Yukarıda Calvino’nun yaptığı alıntılar Yaşama uğraşı adlı günlüğündendir. Kendi yorumum kitabın adının “Ölme uğraşı” olması gerektiğinden yana, zira Pavese intihar etmeye takıntılıdır ve günlüğünü şu sözlerle bitiriyor;
”gizlice en çok korkulan hep gerçekleşir sonunda.
yazıyorum: ey, sen, acı! peki sonra?
bütün gerekli olan biraz cesaret.
acı ne kadar ortaya çıkar ve kesinleşirse, yaşama içgüdüsü o kadar ağır basıyor ve intihar düşüncesi o kadar zayıflıyor.
kolay sanmıştım ilk düşündüğümde. zayıf kadınlar yapmıştı bu işi. alçakgönüllülük istiyor, kendini beğenmişlik değil.
tiksiniyorum bütün bunlardan.
sözler değil. eylem! artık yazmayacağım…”
Ve ancak birkaç gün sonra cesaret edebiliyor özkıyımına.
Kadın düşmanı görülen Pavese aslında yalnız bir adamdır.

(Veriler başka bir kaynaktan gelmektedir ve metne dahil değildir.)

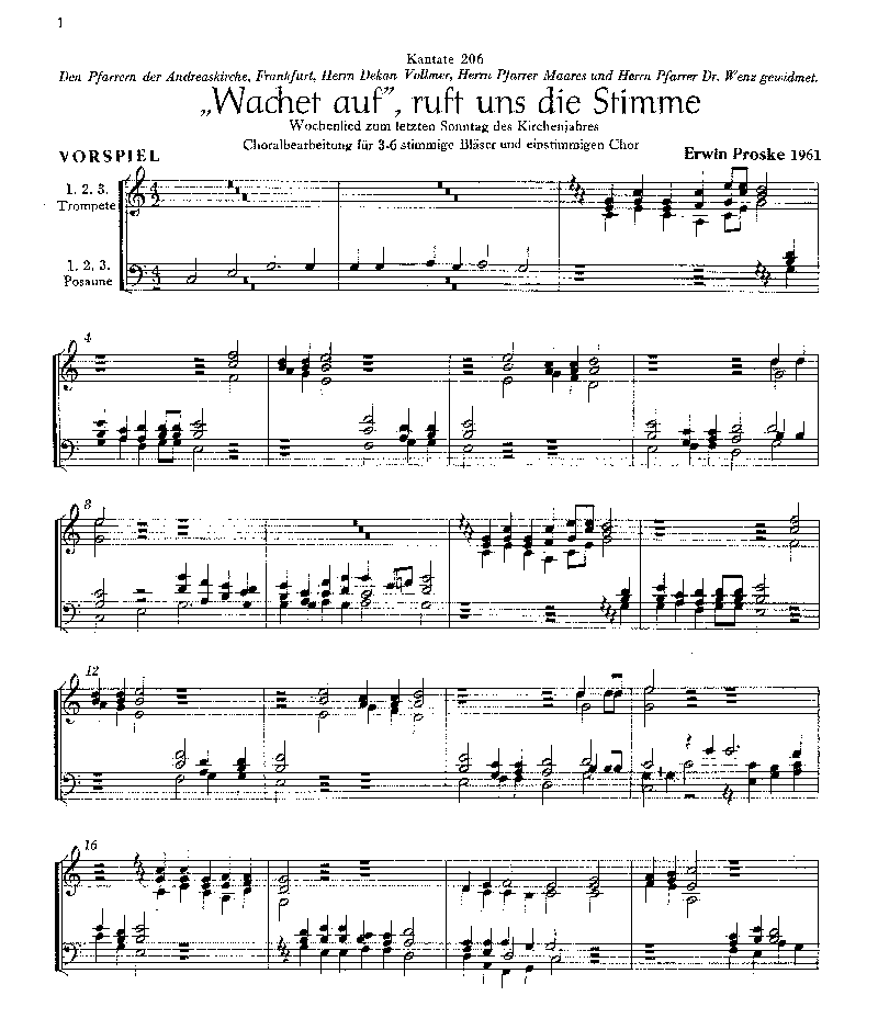 - Besetzung Chor (1-stimmig), 5 Trompeten und 3 Posaunen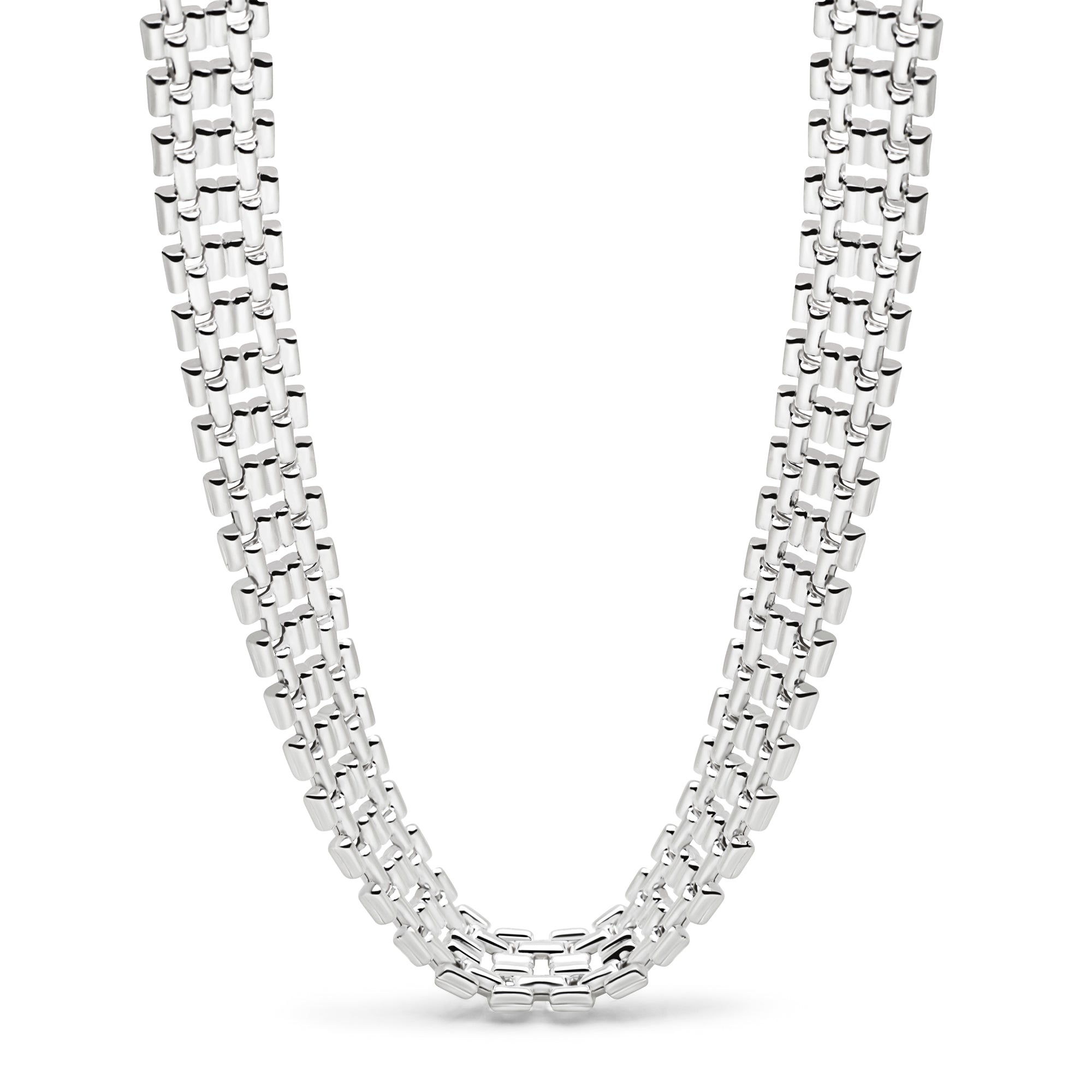 This wide silver necklace oozes timeless elegance with its fluid silver links and mirror shine finish.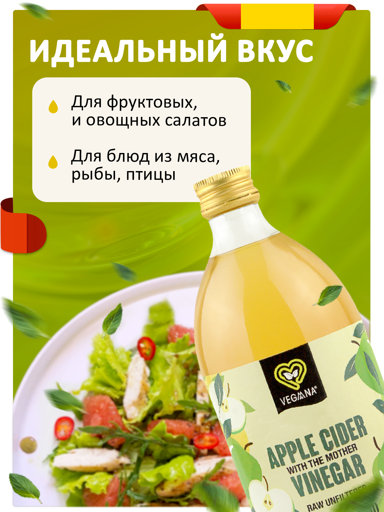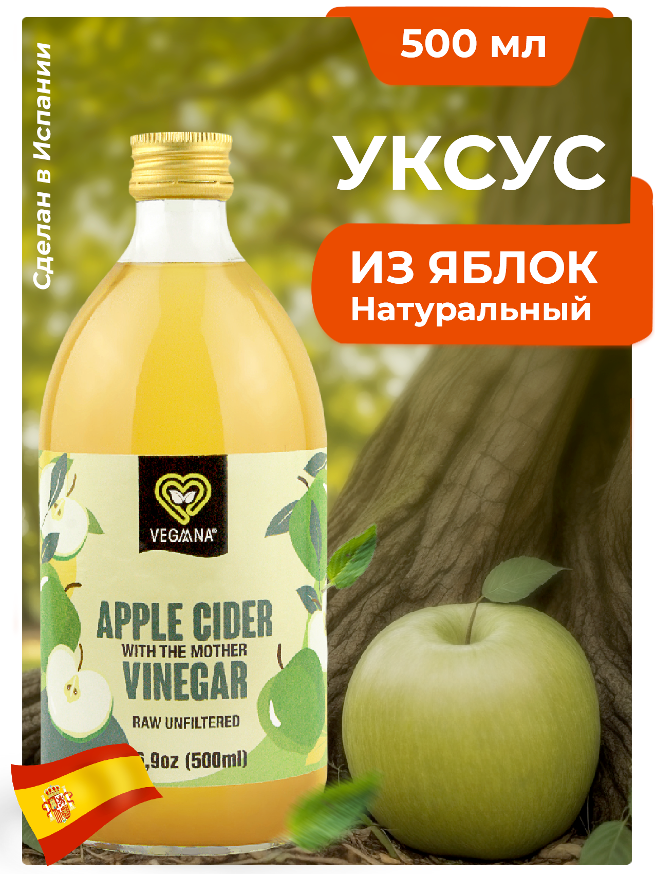 Уксус яблочный натуральный нефильтрованный с уксусной маткой "VEGAANA" 500 мл, cт/б (Испания) интересное:

Kendisi yalnız kalmayı tercih ettiğni yazmış olsa da (kişisel görüşüm) başlarda itildiği yanızlığı kabullenip, kendisini buna iyice alıştırmak için yalnız bırakmaya başlamıştır. Hayatına hep yorucu kadınlar girer. Nitekim; Solaria dergisinde yazdığı şiirlerde bahsedilen “kısık sesli kız” onu yalnızlığa iten en büyük seeplerden biri olmuştur. Pavese daha da karamsarlamıştır. 1950’de İtalya’nın en büyük edebiyat ödülü Strega’yı Güzel yaz romanıyla kazanmıştır. Ödülü alması Pavese’ye umut gibi görünse de sonrasında başka bir kadın tarafından terkedilmesi artık Cesare pavese’yi iyice sarsmıştır. Daha sonra Torino’da bir otel odasında tüm özel kağıtlarını (günlüğü hariç) yakmış ve yaşama uğraşına son vermiştir.

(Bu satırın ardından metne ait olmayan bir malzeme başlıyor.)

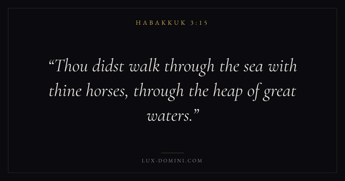 Books / Habakkuk / Chapter 3 / Verse 15 ← Habakkuk 3:14 Habakkuk 3:15 Habakkuk 3:16 → Thou didst walk through the sea with thine horses, through the heap of great waters. Download verse card Share on Twitter Share on Facebook Pin it ✦ Key themes FaithHopePrayerJustice and mercyJustice Read with Habakkuk 3:13Habakkuk 3:14Hebrews 11:1Romans 10:17 Related topics Bible verses about faithBible verses about hopeBible verses about prayerBible verses about justice and mercy ✦ Habakkuk Chapter 3 verses V. 1 V. 2 V. 3 V. 4 V. 5 V. 6 V. 7 V. 8 V. 9 V. 10 V. 11 V. 12 V. 13 V. 14 V. 15 V. 16 V. 17 V. 18 V. 19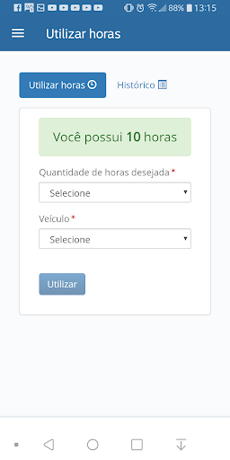 Acesse o menu lateral e escolha a opção Histórico de Utilização de Hora. Um comprovante da utilização é inserido no histórico e fica a disposição do usuário para consulta e acompanhamento.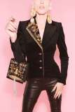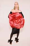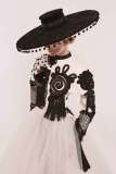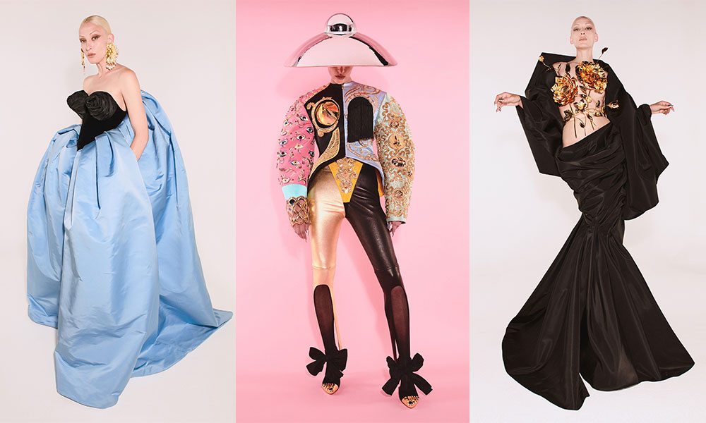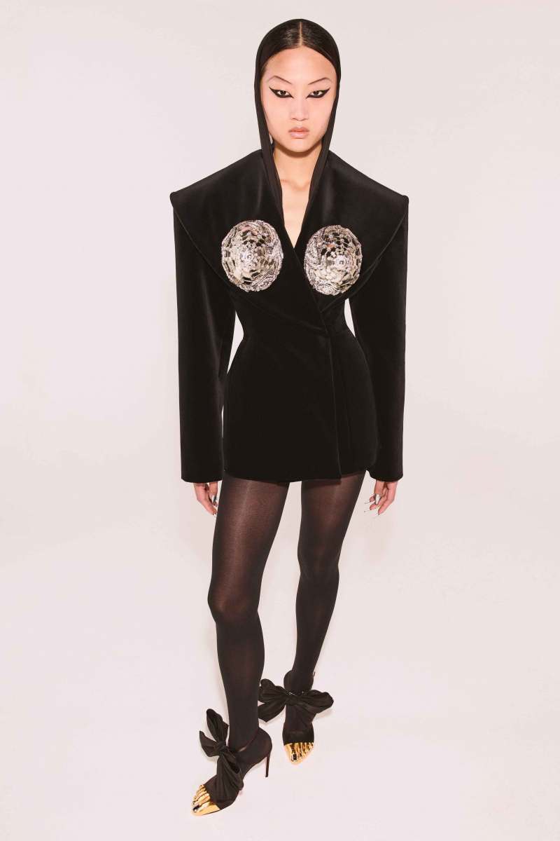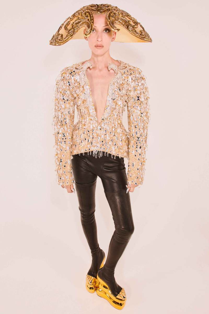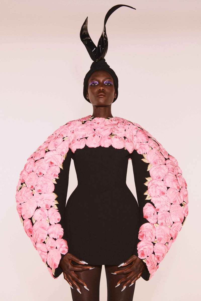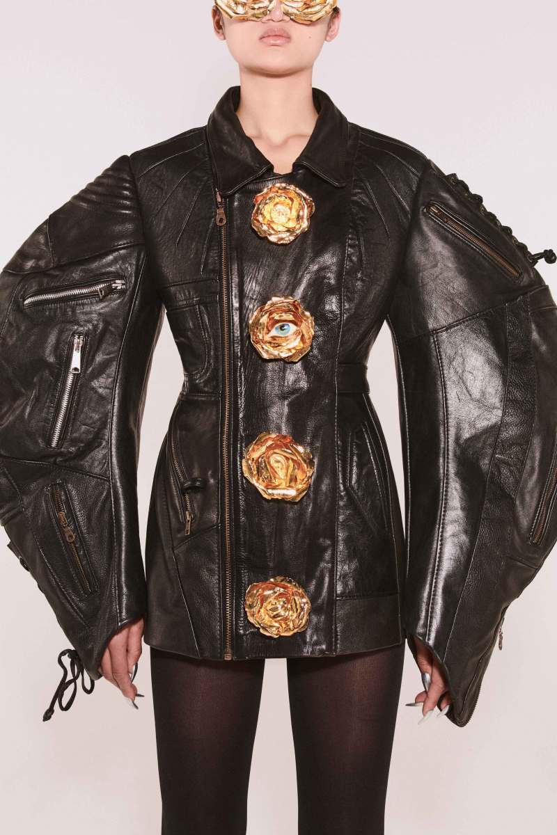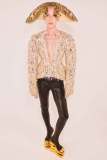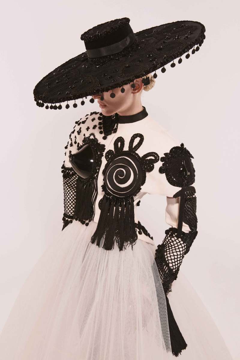 Ed ecco dunque che le giacche iconiche del torero vengono proposte con maniche a botte esagerate, quando in jeans vintage tempestato di applique che ricordano ex-voto preziosi, quando decorate da nappe e ornamenti ondeggianti che ritornano anche su un cappello a tesa larghissima. Le stesse maniche monumentali sono poi sommerse da una cascata di rose su un tubino nero dal taglio geometrico, mentre assumono un’allure quasi cyberpunk su una giacca di pelle tagliata a vestito corto.

Radikal aforizmaların sahibi Pavese’nin basılı kitapları ise;
Ağustosta tatil (öykü)
Ay ve şenlik ateşleri (roman)
Güzel yaz (roman)
Leuko ile söyleşiler (deneme)
Senin köylerin (roman)
Tepedeki ev (roman)
Tepelerdeki şeytan (roman)
Yalnız kadınlar arasında (roman)
Yaşama uğraşı (günlük)
Yoldaş (roman)
Çalışmak yorar (şiir – solaria dergisinde yazdıkları)
Alıntılar;
“yaşama sanatı, yalanlara inanmayı bilme sanatıdır. bunun en korkunç yanı, doğrunun ne olduğunu bilmediğimizden, bir yalanın yalan olduğunu hala anlayabilmemizdir.”
“…öykü ve şiir yaratmak için doğmuş olanlar, aşık olmakla yetinemezler, çünkü aşkın sanatsal bir yapıtı oluşturacak entelektüel örgüsü yoktur.”

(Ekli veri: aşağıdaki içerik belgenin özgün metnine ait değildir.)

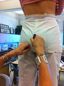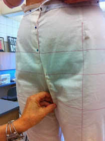 We all had to take turns changing into our muslins and standing on the tabletops and our professor walked around telling our group members what to pin and cut into to get the fit right. What helped a lot for seeing where to make alterations was having the grainline, high hip, low hip, knee, and calf lines basted in. That way, we could see where things weren't hanging plumb or perfectly parallel to the floor all the way around.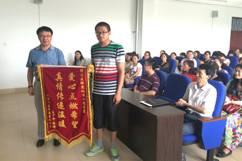 在没有正式上课前,2014级自动化姜中金同学为感谢学院师生对其重病父亲的鼎力帮助,向学院献上了一面锦旗。他表示,如今父亲身体日渐恢复,今后一定好好学习,回报所有关心他的人,深刻表达了感激之情,令现场所有人为之动容。

“intiharı düşünen bir insan için en kötü şey kendini öldürmesi değil, bunu düşünüp yapamamasıdır.”
“asıl büyük ve korkunç gerçek şudur: hiçbir işe yaramaz acı çekmek.”
“aşk kendi başına koca bir maymunun libidosundan başka nedir ki?”
“bir insanı küçük düşürmenin en korkunç yolu, onun acı çektiğine inanmamaktır.”
“insanlar ya çocuk ya yetişkin olarak doğarlar, sonradan değişmezler.”
“gene de bir uğraştır beklemek. bekleyecek bir şeyi olmamaktır korkunç olan.”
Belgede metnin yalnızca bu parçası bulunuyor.